At times I felt the production was a bit under-powered in it's male casting.  In the important role of Freddie Tom Burke could certainly do the "surly teenager" behaviour of Hester's lover but I didn't believe for a minute that this man would inspire grand passion in anyone, no matter how good he was in bed.

I also felt Nick Fletcher was too lightweight for the shadowy Mr Miler.  It is slowly revealed that Miller has served time in prison which has resulted in him losing the right to practise medicine and his brusque exterior hides someone who feels just as ostracized as Hester and it is he who plants the vital thought of how she can get through her pain.  It's a great part but here Fletcher seemed to just shine it on.


Much better was Peter Sullivan as Hester's estranged husband Sir William, played younger here than usual.  Collyer is not a bad man, he just cannot give Hester what she now has experienced with Freddie and despite his suggesting that the door is still open for her at the family home, he knows that his safe and mundane life will go on without her and Sullivan captured this perfectly.

There is nice support too from Marion Bailey as the genial landlady Mrs Elton and Yolanda Kettle as the newly-married neighbour Ann, a potential Hester-like wife who pines for her frequently absent husband.


But of course any production of THE DEEP BLUE SEA needs an actress at the top of her game and Helen McCrory gives a performance of nerve-shredding anxiety.  Over the course of the play's single day setting we see Hester defeated, cowed, cunning, loving, distraught but finally... herself.  On paper she can seem a silly, over-emotional woman so you need an actress who is willing to go all the way off the scale to make her situation real and McCrory does just that.  Even though I know the play she still had me wondering how she could come back from the edge of disaster.

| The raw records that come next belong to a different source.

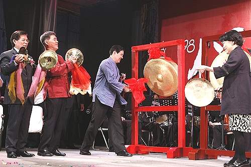 馬英九總統今天晚間應邀參加台北市大龍峒保安宮2009年保生文化祭開鑼儀式,為儀式剪綵並敲鑼,開啟今年文化祭序幕。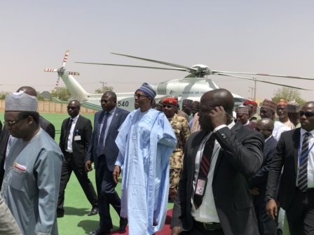 President Muhammadu Buhari on Wednesday visited Damaturu, Yobe State capital as part of his tour of troubled areas in the country.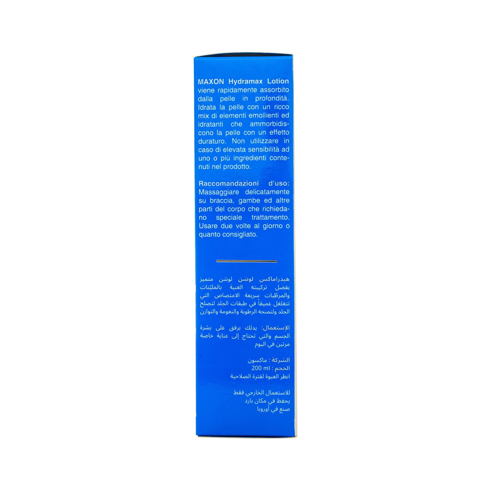 MAXON Hydramax Lotion is quickly and deeply absorbed by the skin. It hydrates the skin with a rich blend of emollients and moisturizers that work to soften the skin with a tong-lasting effect. Ingredients: Aqua, Glyceryl Stearate, Panthenol, Giycerin, Dircethicone, Peg Ioo Stearate. Shea Butter (Butyrospeolurn Parka), Xagthan Gym Passin Flom & Ohnechicone, Soluble Collagen, Teiraexium Edta., Cetyl Alochol, Mineral Oil. Sirrmonl-Sia Chicon:1S (Jobe) Seed Oil. Hyaluronic Acid, Caprylof Corot Triglyceride, Lanolin Alcohol, Niagnamgo, Fragrance, Carbomer, Sodium Hydrochloride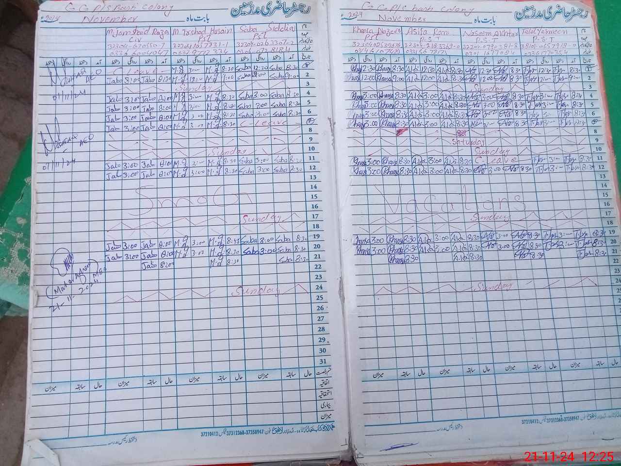 | CNIC | Full Name | Designation | R/C | Absence During Last Calender Month |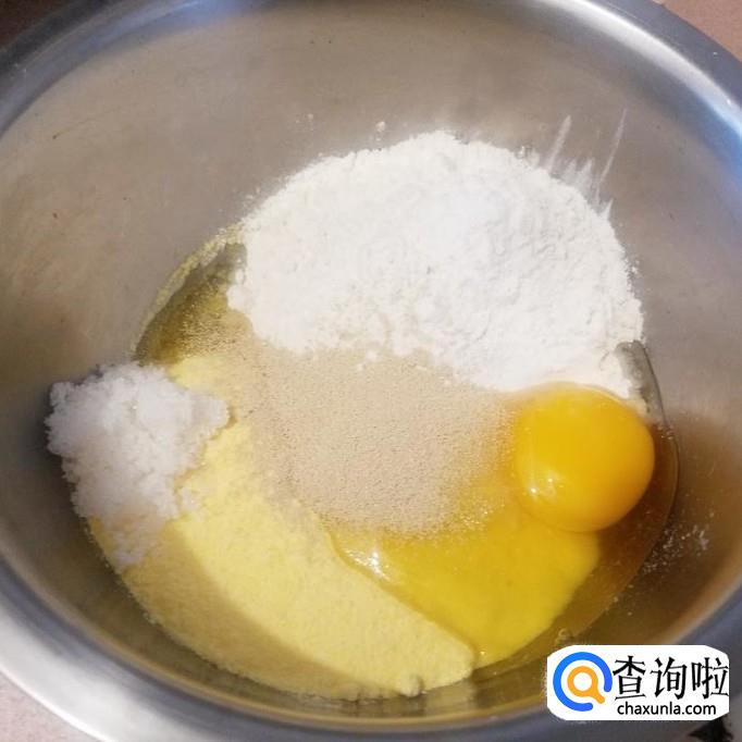 面粉200克,玉米粉,小米粉各50克放入盆中,鸡蛋一个磕入盆中,放入白糖20克,盐2克,酵母3克,橄榄油10克。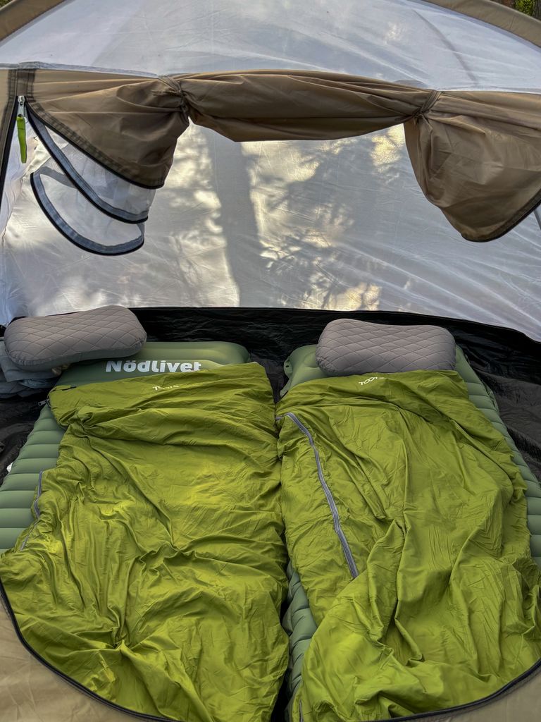 Kombinera två sovsäckar Koppla enkelt ihop två sovsäckar för att skapa en rymlig dubbelsovsäck.

It's a talk with Mr Miller who starts the rebirth of Hester followed by a resigned last meeting with Freddie and Helen McCrory was sensational in this last beautifully-written section of the play, as the parting lovers skirt over the undertow of pain in their parting with niceties and attempts to be 'decent' about things.  In the silent last moments of the play, McCrory was magnetic... who else could make cooking a scrambled egg so absorbing? Again, magnificent McCrory makes a role all her own.